To do: No pictures, please. Output the lines from the start of the data through the line that contains "型号:XN-3090A 颜色:蓝黑色 容量:480ML", both included, exactly as they stand.

Data records:
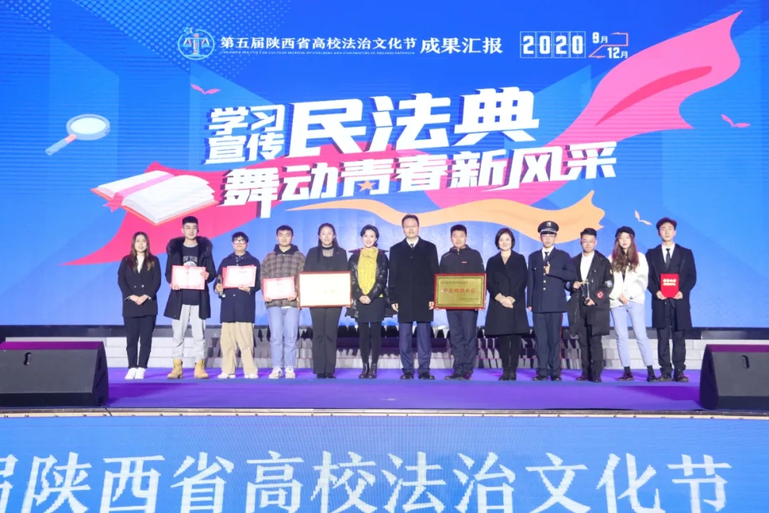 大会表彰了“五个一”优秀文艺作品、原创法律新媒体获奖作品、“法典先锋”冲关答题挑战赛优秀个人、“法典先锋”冲关答题挑战赛优秀团队、“第五届陕西省高校法治文化节”优秀组织单位等。
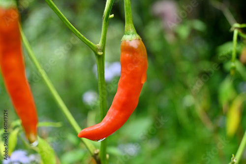 closeup the red ripe chilly with leaves and plant growing in the garden over out of focus green brown background.
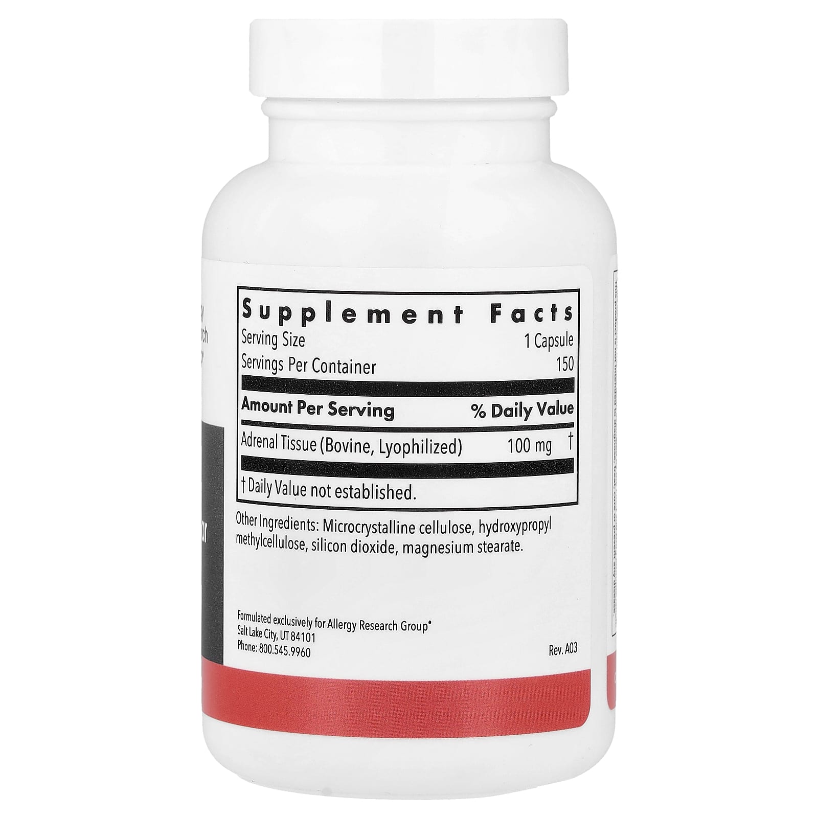 Allergy Research Group, Adrenal, Natural Glandular, 150 Vegetarian Capsules (100 mg per Capsule)
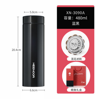 型号:XN-3090A 颜色:蓝黑色 容量:480ML 材质(杯身):316L不锈钢 尺寸:杯底直径66mm,杯口直径50mm,高204mm 净重量:0.24kg 保温时间:6~12小时 是否有茶隔:有
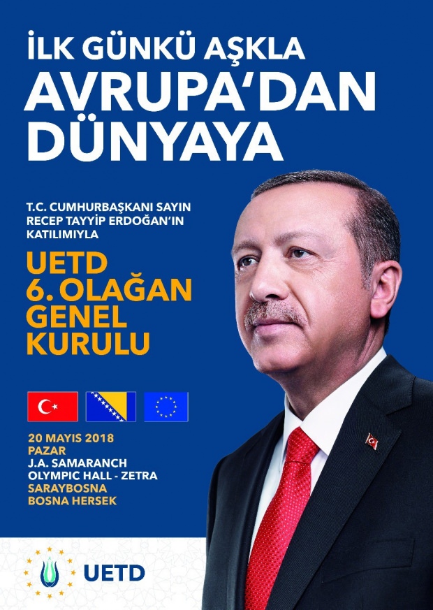 Cumhurbaşkanı Recep Tayyip Erdoğan, Bosna-Hersek'in başkenti Saraybosna'da 20 Mayıs’ta düzenlenecek Avrupalı Türk Demokratlar Birliği’nin (UETD) 6. Olağan Genel Kurul Toplantısı’na katılacak.
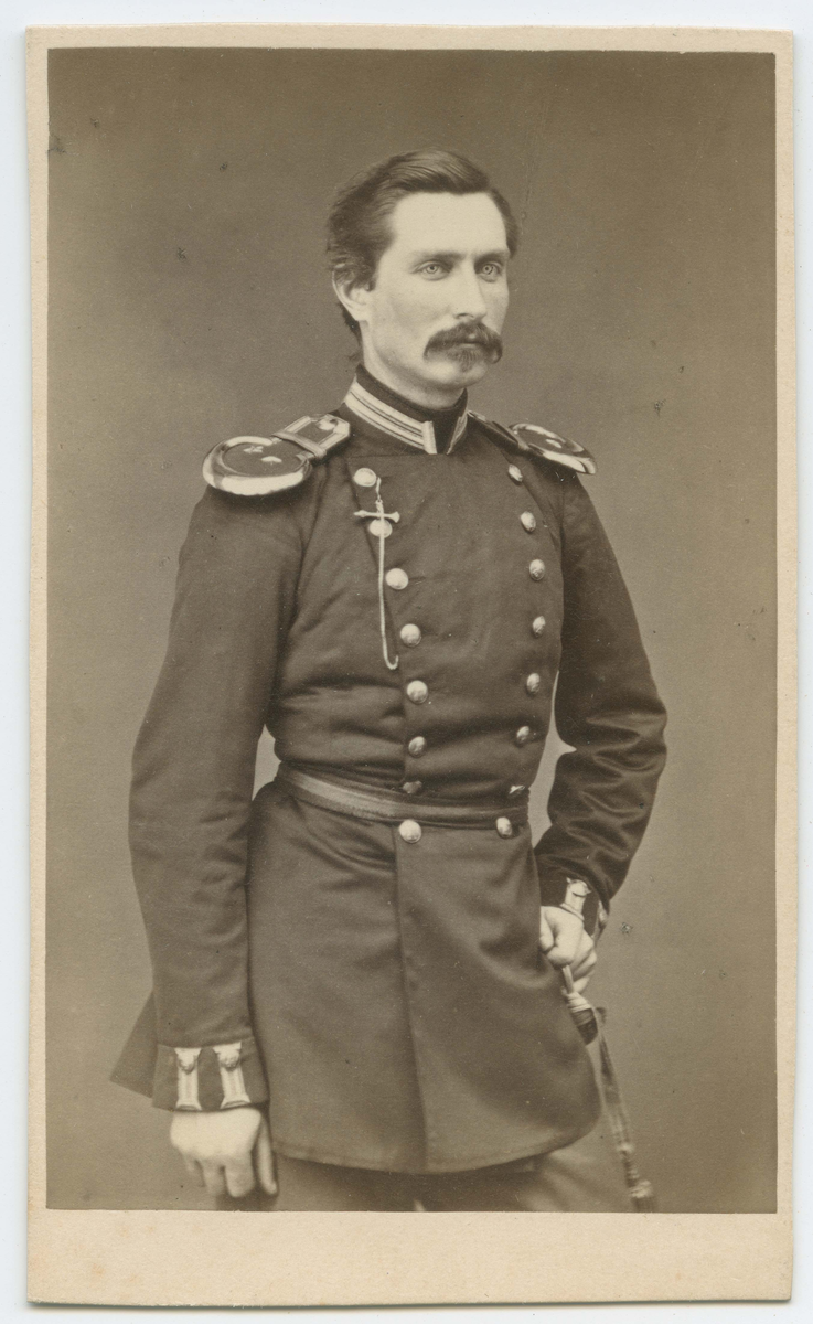 Porträtt på Major Per Salomon Mannerstedt. Född 4 februari år 1836 på Röksberg i Mulseryds socken. Död 3 maj år 1915 på Ed Voxtorps socken,
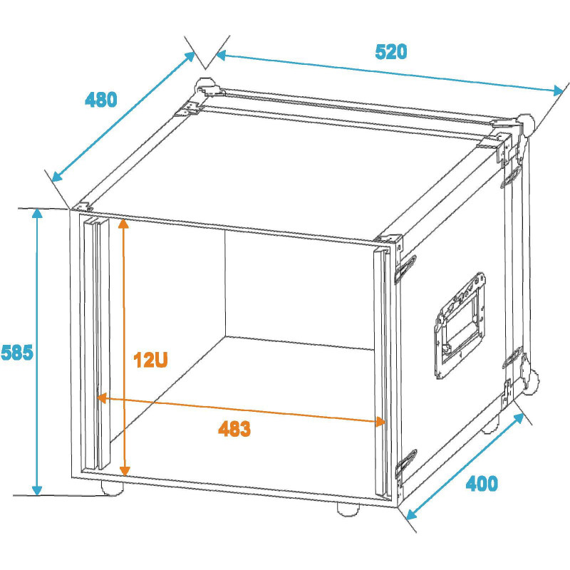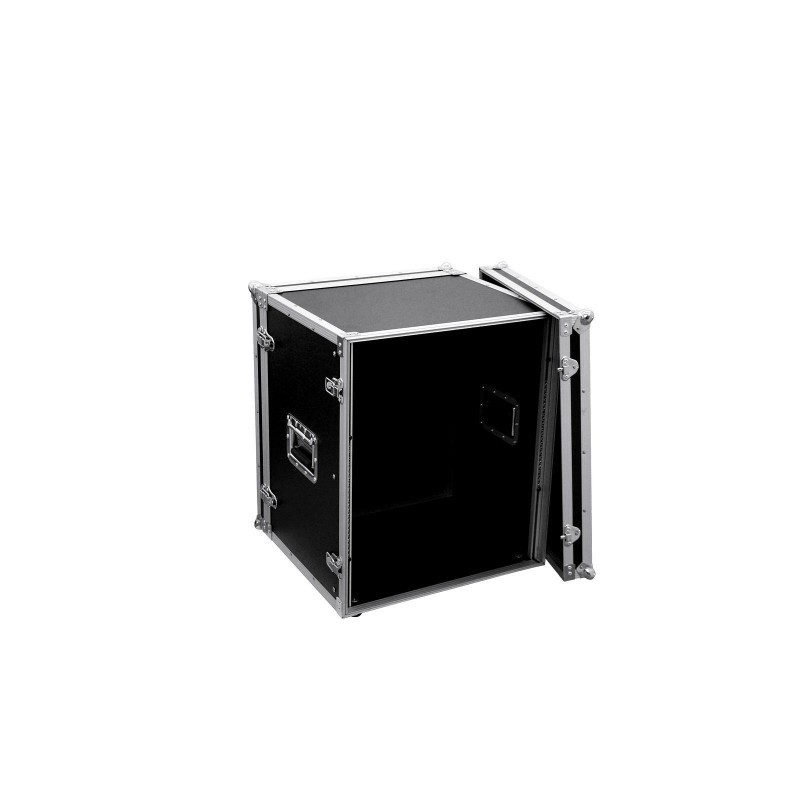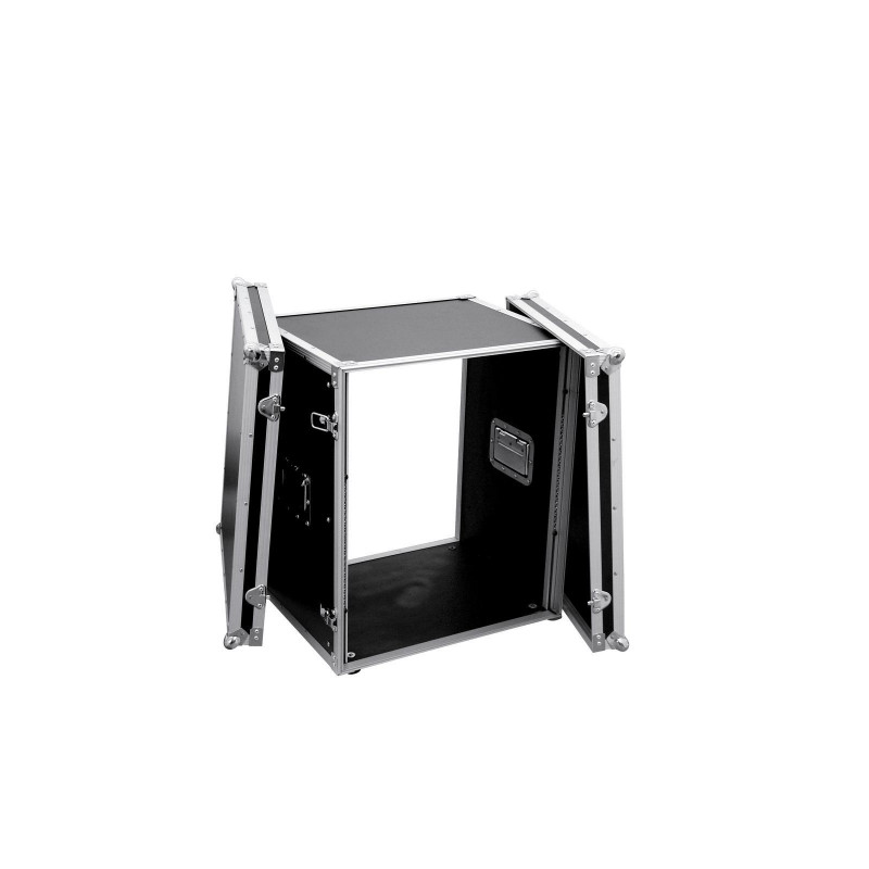 Flightcase para dispositivos de 483 mm (19 ") Transporte sus unidades de control y efectos con un ancho de 483 mm o 19" con el estante de efectos ROADINGER. El estuche de vuelo es estable y de alta calidad, lo que lo hace ideal para uso móvil y el escenario. Las paredes de 6 mm de grosor, el marco de perfil de aluminio con esquinas redondeadas y las esquinas de bolas de acero medianas de tres patas le dan estabilidad a la caja. Las dos tapas de la carcasa son extraíbles (versión de doble puerta). El bastidor de efectos también está equipado con ocho cierres a presión con ojales para bloquear y dos manijas plegables cromadas. Los cuatro grandes pies de goma reforzados con acero proporcionan la estabilidad necesaria. La carga máxima es de 25 kg.
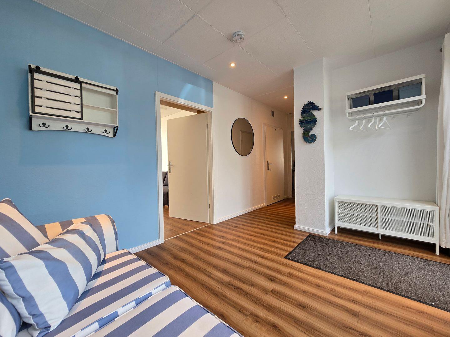 Im zweiten separaten Schlafzimmer steht ein Doppelbett (160*200 cm) für entspannte Urlaubsnächte bereit. Ein großer Kleiderschrank zum Verstauen der Urlaubsgarderobe, Couchgarnitur, Beistelltisch und Korbsessel komplettieren die Einrichtung. Die Schlafcouch bietet für bis zu zwei Gästen (140*200cm) ein weiteres gemütliches Nachtlager.
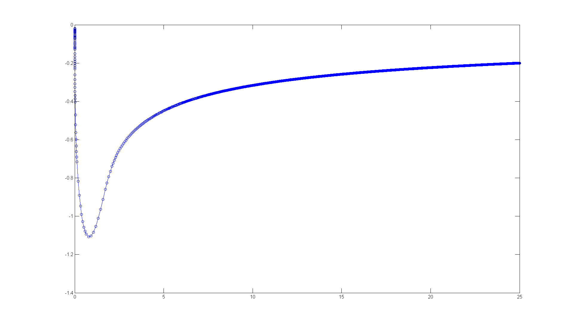 h = @(t, y) -1./y.^2 + t figure; set(gcf, 'Position', [1 1 1920 1420]) ode45(h, [0 25], -0.02) % The sharp turn is consisten with the % direction field. But it's not clear that the asymptote % is the t-axis. Can you explain from the differential % equation why that must be so? % y' + 1/y^2 = t % Now for more % solution curves superimposed on the direction field.
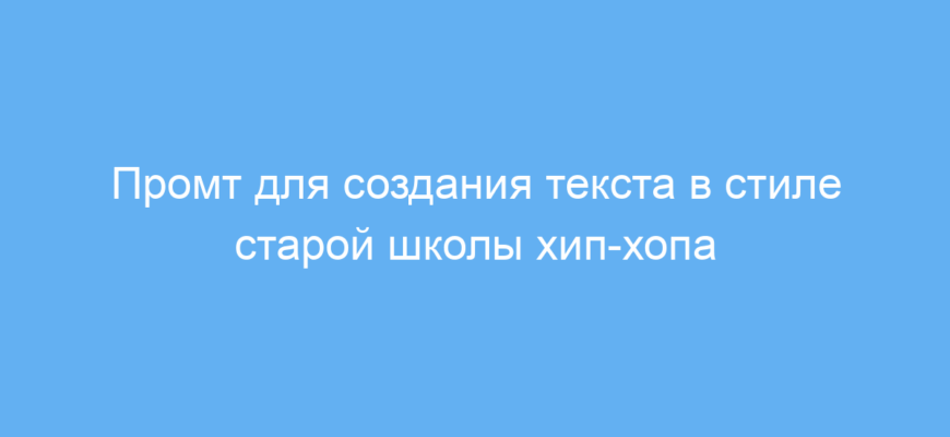 Этот промт помогает оживить тексты о хип-хоп культуре старой школы и погрузиться в атмосферу жанра с его историей, битами и легендами. Он облегчает создание живых и выразительных текстов или диалогов, которые можно использовать для творчества, блогов, презентаций и развлечений.

Your solution:
 大会表彰了“五个一”优秀文艺作品、原创法律新媒体获奖作品、“法典先锋”冲关答题挑战赛优秀个人、“法典先锋”冲关答题挑战赛优秀团队、“第五届陕西省高校法治文化节”优秀组织单位等。
 closeup the red ripe chilly with leaves and plant growing in the garden over out of focus green brown background.
 Allergy Research Group, Adrenal, Natural Glandular, 150 Vegetarian Capsules (100 mg per Capsule)
 型号:XN-3090A 颜色:蓝黑色 容量:480ML 材质(杯身):316L不锈钢 尺寸:杯底直径66mm,杯口直径50mm,高204mm 净重量:0.24kg 保温时间:6~12小时 是否有茶隔:有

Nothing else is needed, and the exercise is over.